**WHAT THE TASK ASKS:** A verbatim copy of the data is wanted, minus any picture in it.

**RAW DATA:**

-.-.-

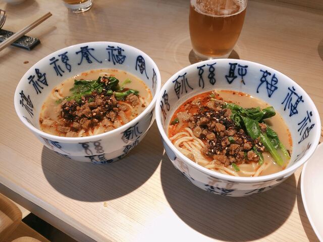 坦々麺は、1人前を2つにシェアして
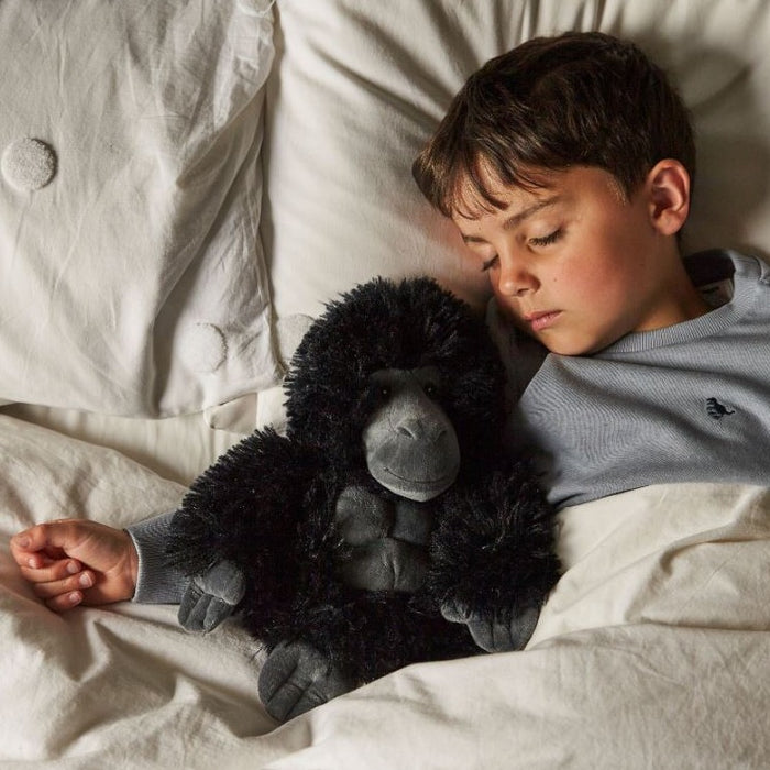 Experience the soothing comfort of our Warmies Gorilla soft toy. Filled with wheat, this heat pack can be microwaved for a warm, calming effect, or placed in the freezer for a cooling sensation. The lavender scent adds a relaxing aroma, making it perfect for sleep aid. Weighted and sensory, this adorable toy provides comfort and stress relief.
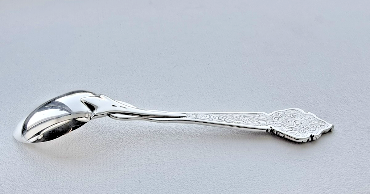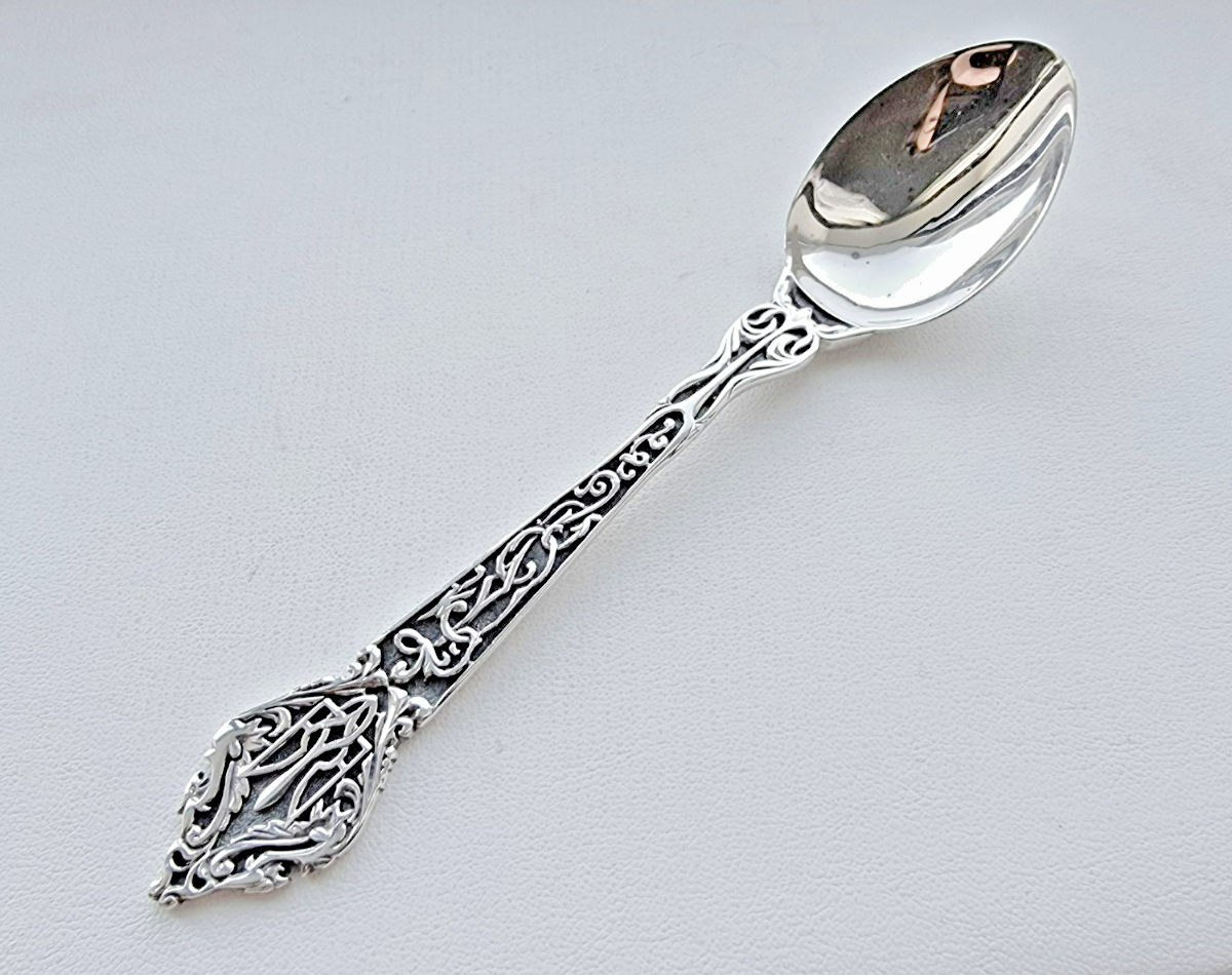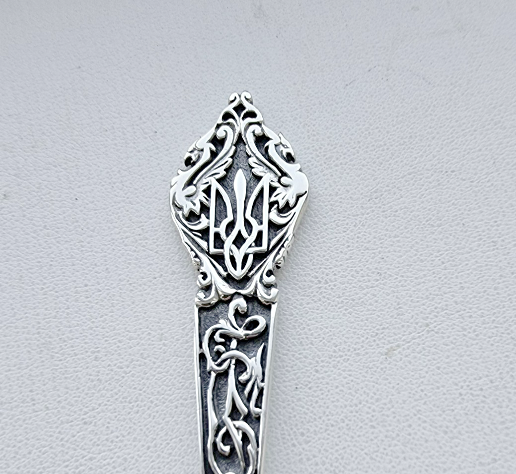 This product is a 6.75 inch sterling silver collectible spoon featuring the coat of arms of Ukraine. The mid-century modern design makes it a unique and stylish addition to any silverware collection. Made in Ukraine by the brand X?2, this souvenir spoon is a special piece that showcases both historical significance and intricate craftsmanship.

-.-.-

**EXPECTED ANSWER:**
 坦々麺は、1人前を2つにシェアして
 Experience the soothing comfort of our Warmies Gorilla soft toy. Filled with wheat, this heat pack can be microwaved for a warm, calming effect, or placed in the freezer for a cooling sensation. The lavender scent adds a relaxing aroma, making it perfect for sleep aid. Weighted and sensory, this adorable toy provides comfort and stress relief.
 This product is a 6.75 inch sterling silver collectible spoon featuring the coat of arms of Ukraine. The mid-century modern design makes it a unique and stylish addition to any silverware collection. Made in Ukraine by the brand X?2, this souvenir spoon is a special piece that showcases both historical significance and intricate craftsmanship.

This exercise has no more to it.